[Data extracted from a collection]
--- --- ---

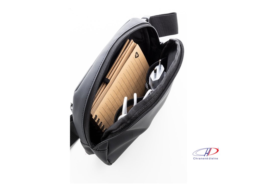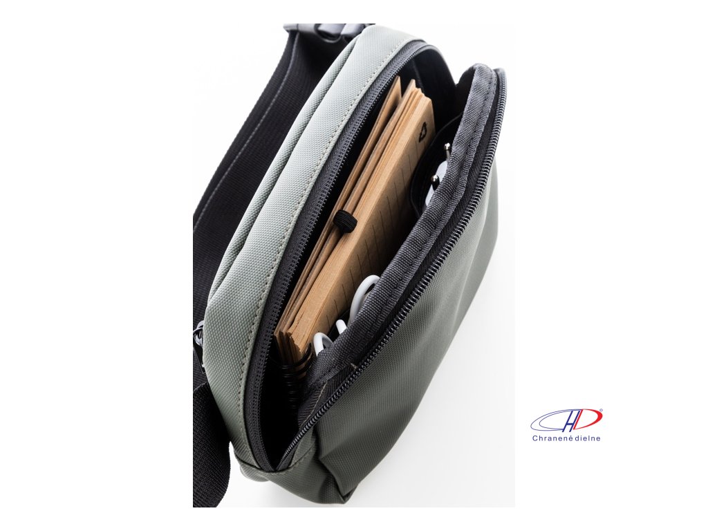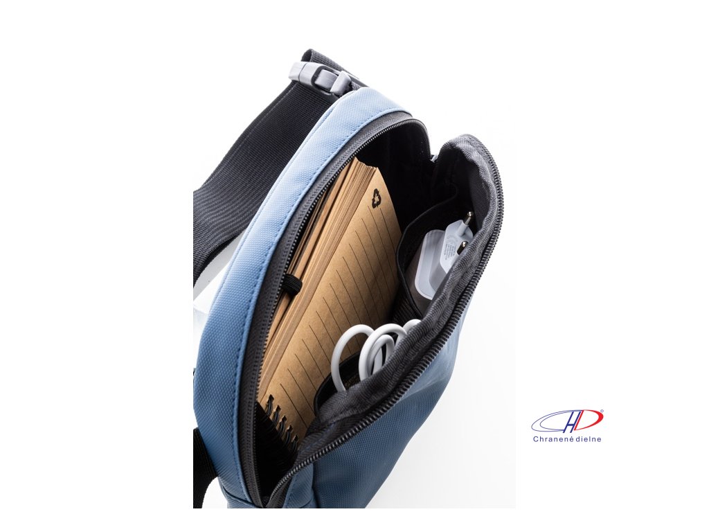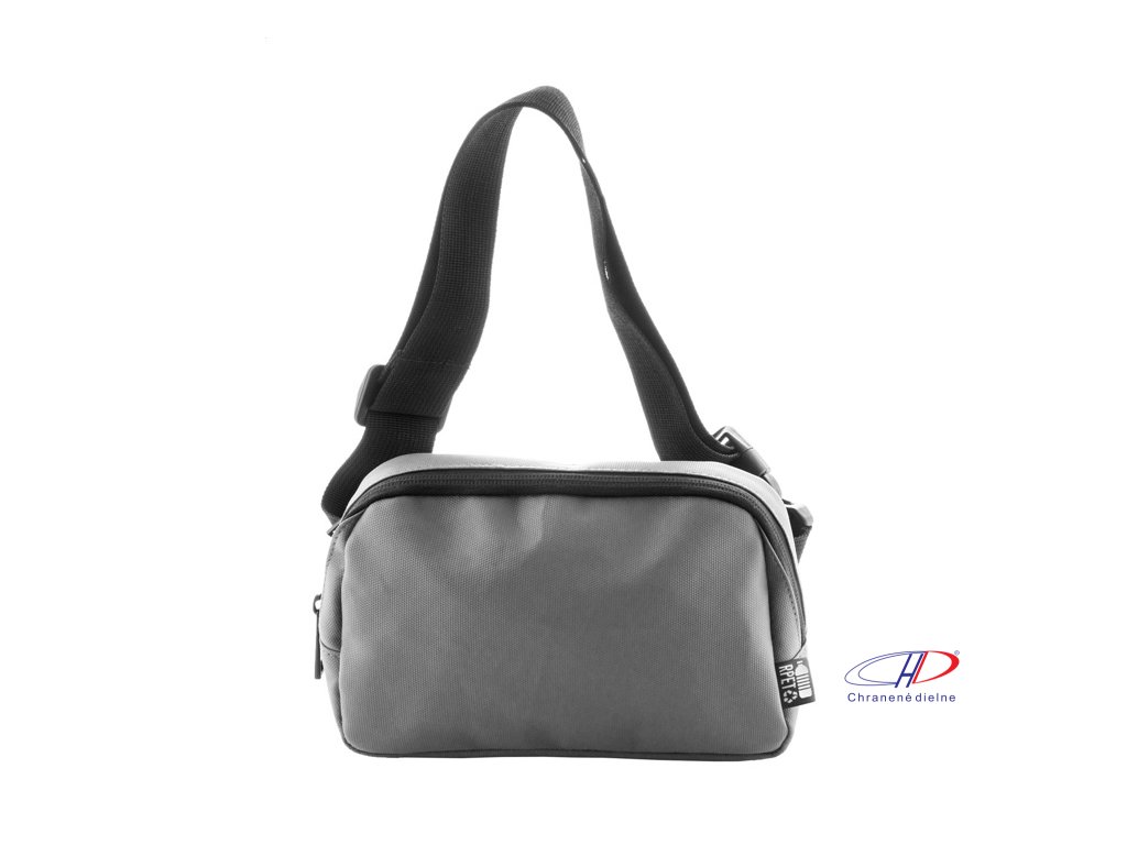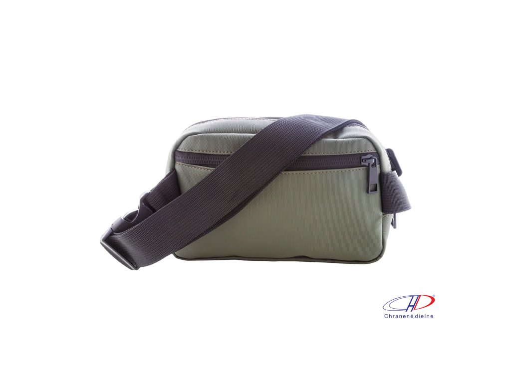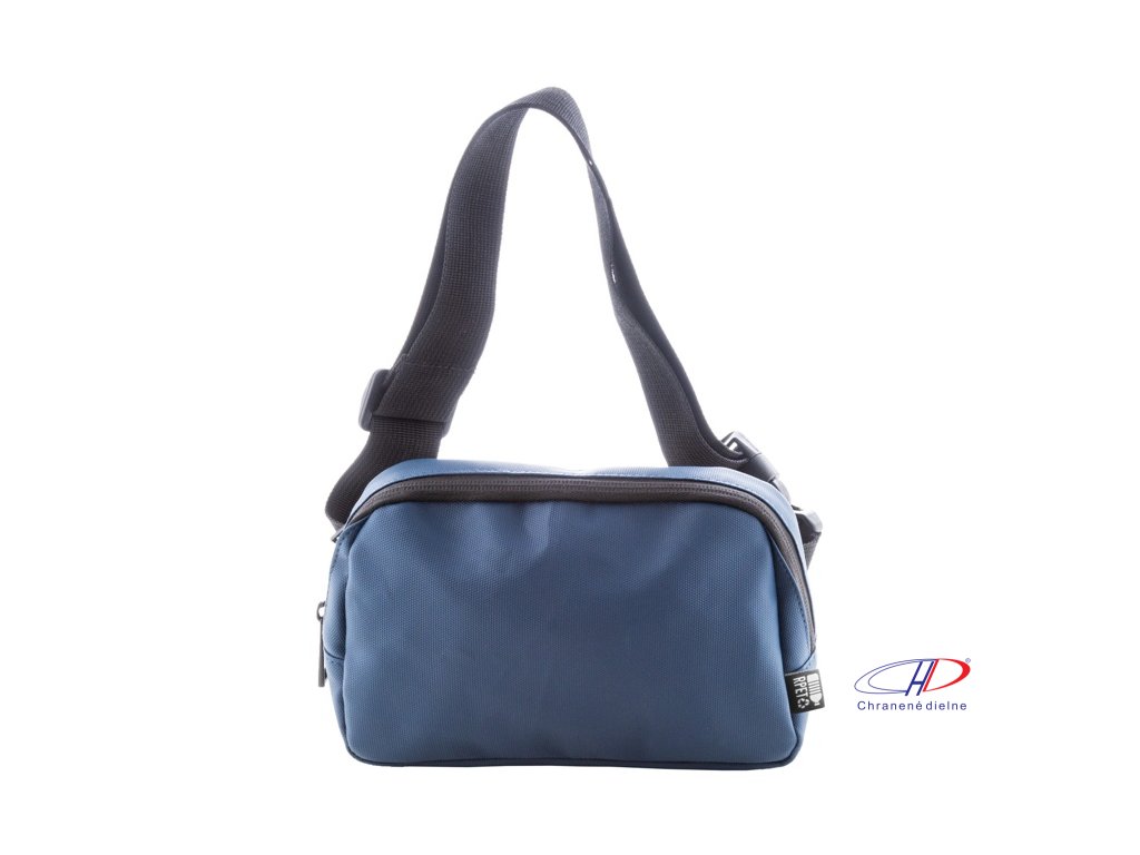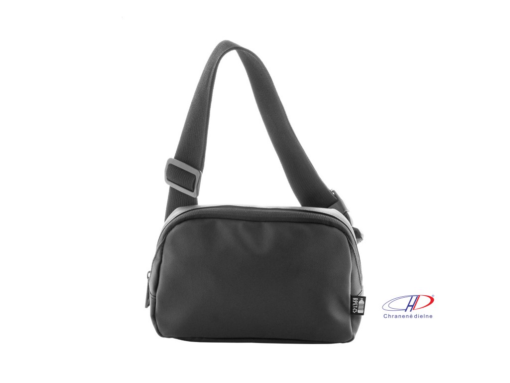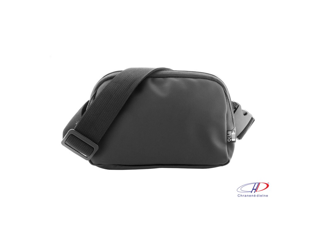Vodotesná RPET oblička s 2 priehradkami na zips, sieťovanými vnútornými vreckami s organizérom a nastaviteľným popruhom. Polyester 600D RPET potiahnutý PU, s výrazným štítkom RPET.Dodatočné parametre
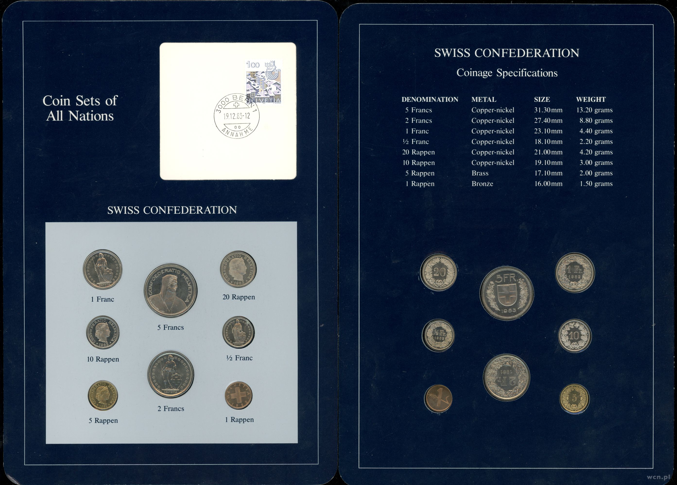 Szwajcaria, zestaw 8 monet, 1981–1983
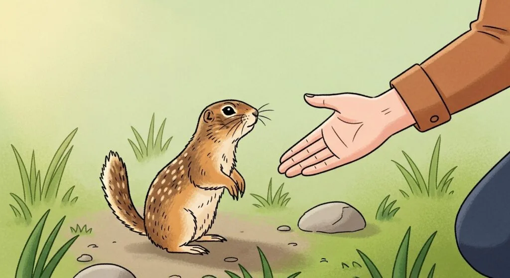 野生のリチャードソンジリスは、地面に穴を掘って生活していて、常に空から天敵に狙われている環境で生きています。だから、本能的に「上から来るもの」や「急に動くもの」に対して、すごくビビりなんです。
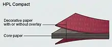 Le stratifié (en anglais, high pressure laminate ou HPL) est un panneau composite utilisé pour le revêtement de sol et de meuble. Il se compose de papier kraft (de 10 à 20 feuilles superposées) et d'une feuille de papier décoratif de surface, le tout étant imprégné de résine phénol-formaldéhyde pour les couches centrales et de résine mélamine-formaldéhyde pour la couche de surface. La couche de mélamine est appelée overlay. A ne pas confondre avec le stratifié qui est le résultat de la stratification (par exemple à base de résine époxy et fibre de verre).
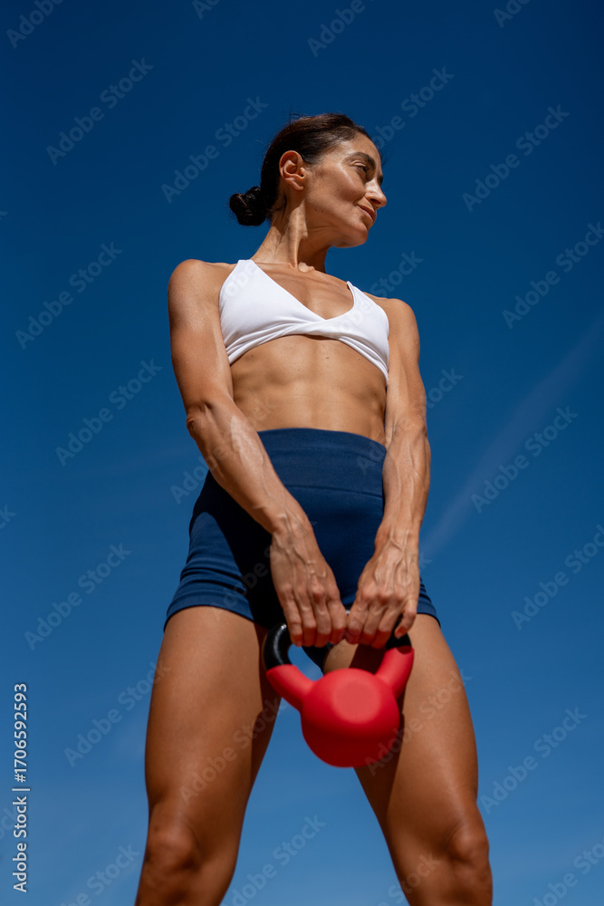 Strong athletic woman training with red kettlebell outdoors, toned abs and muscular arms in sportswear against clear blue sky, symbol of fitness, power, discipline and healthy lifestyle
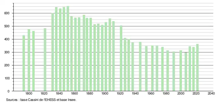 L'évolution du nombre d'habitants est connue à travers les recensements de la population effectués dans la commune depuis 1793. Pour les communes de moins de 10 000 habitants, une enquête de recensement portant sur toute la population est réalisée tous les cinq ans, les populations légales des années intermédiaires étant quant à elles estimées par interpolation ou extrapolation[30]. Pour la commune, le premier recensement exhaustif entrant dans le cadre du nouveau dispositif a été réalisé en 2006[31].

--- --- ---

THE PROBLEM: Please give again the entries word for word, starting at the first line and ending with the line that contains "野生のリチャードソンジリスは"; include both of those lines but none of the pictures.

ANSWER FOR THE TASK:
Vodotesná RPET oblička s 2 priehradkami na zips, sieťovanými vnútornými vreckami s organizérom a nastaviteľným popruhom. Polyester 600D RPET potiahnutý PU, s výrazným štítkom RPET.Dodatočné parametre
 Szwajcaria, zestaw 8 monet, 1981–1983
 野生のリチャードソンジリスは、地面に穴を掘って生活していて、常に空から天敵に狙われている環境で生きています。だから、本能的に「上から来るもの」や「急に動くもの」に対して、すごくビビりなんです。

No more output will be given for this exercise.